For every line below, output the text exactly and leave out images.

Data segment:
------------------------------

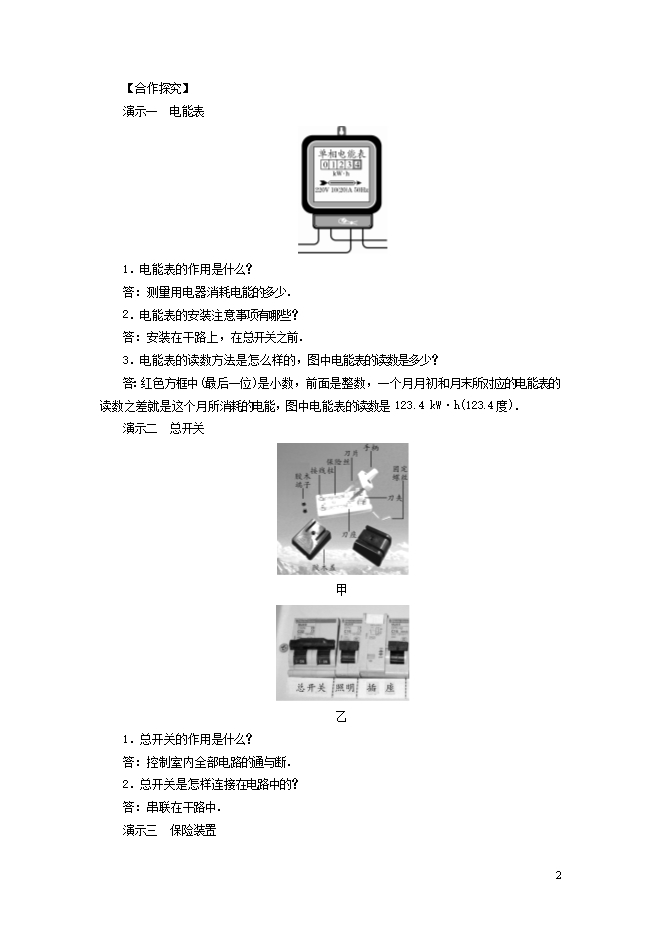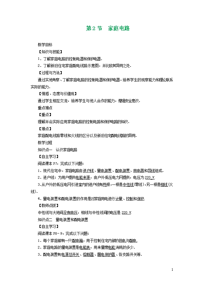 【内容简介】1.现代住宅中,家庭电路由进户线、量电装置、配电装置、用电器和导线组成.2.进户线:为用户提供电能来源,由户外低压电力网提供,电压为220_V.3.从户外的低压电网引进室内的进户线有两根,一根是中性线(零线),另一根是相线(火线).4.量电装置和配电装置的作用是对家庭用电进行计量、控制和保护.【教师点拨】中性线与大地间没有电压,相线与中性线间的电压是220_V.知识点二 量电装置和配电装置【自主学习】阅读课本P8-9,完成以下问题:1.每个家庭都有一只配电箱,用于控制住宅内部的供电与配电.2.家庭电路的量电装置是电能表,用来量度电能消耗的多少.3.配电装置有电源总开关、熔断器、漏电保护器、各支路开关等.
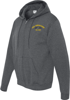 MilitaryBest has expanded its line of apparel with this custom embroidered USS Grenadier SS-525 with Dolphins Embroidered Zippered Hoodie. Each Hoodie is direct embroidered onto a Champion brand 9.5 oz 50/50 Cotton Poly blend. This will make an excellent addition to your wardrobe, or a great gift. Your satisfaction is Guaranteed! These quality zippered hoodies are proudly embroidered at our facilities in Scottsboro, AL. Support the Army MWR program by purchasing only from Licensed Vendors.
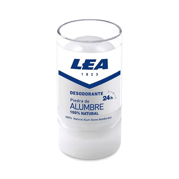Kryształki ałunu w sztyfcie hiszpańskiej firmy LEA w plastikowym opakowaniu z logo producenta. Niezbędna pomoc przy skaleczeniach przy goleniu. Sprawdzi się również świetnie jako dezodorant.
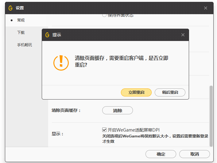 接着切换【常规】选项,点击【清除页面缓存】——【清除】,弹出提示框,清除页面缓存之后需要重启客户端,选择【立即重启】或【稍后重启】,

------------------------------

Solution for this exercise:
 【内容简介】1.现代住宅中,家庭电路由进户线、量电装置、配电装置、用电器和导线组成.2.进户线:为用户提供电能来源,由户外低压电力网提供,电压为220_V.3.从户外的低压电网引进室内的进户线有两根,一根是中性线(零线),另一根是相线(火线).4.量电装置和配电装置的作用是对家庭用电进行计量、控制和保护.【教师点拨】中性线与大地间没有电压,相线与中性线间的电压是220_V.知识点二 量电装置和配电装置【自主学习】阅读课本P8-9,完成以下问题:1.每个家庭都有一只配电箱,用于控制住宅内部的供电与配电.2.家庭电路的量电装置是电能表,用来量度电能消耗的多少.3.配电装置有电源总开关、熔断器、漏电保护器、各支路开关等.
 MilitaryBest has expanded its line of apparel with this custom embroidered USS Grenadier SS-525 with Dolphins Embroidered Zippered Hoodie. Each Hoodie is direct embroidered onto a Champion brand 9.5 oz 50/50 Cotton Poly blend. This will make an excellent addition to your wardrobe, or a great gift. Your satisfaction is Guaranteed! These quality zippered hoodies are proudly embroidered at our facilities in Scottsboro, AL. Support the Army MWR program by purchasing only from Licensed Vendors.
Kryształki ałunu w sztyfcie hiszpańskiej firmy LEA w plastikowym opakowaniu z logo producenta. Niezbędna pomoc przy skaleczeniach przy goleniu. Sprawdzi się również świetnie jako dezodorant.
 接着切换【常规】选项,点击【清除页面缓存】——【清除】,弹出提示框,清除页面缓存之后需要重启客户端,选择【立即重启】或【稍后重启】,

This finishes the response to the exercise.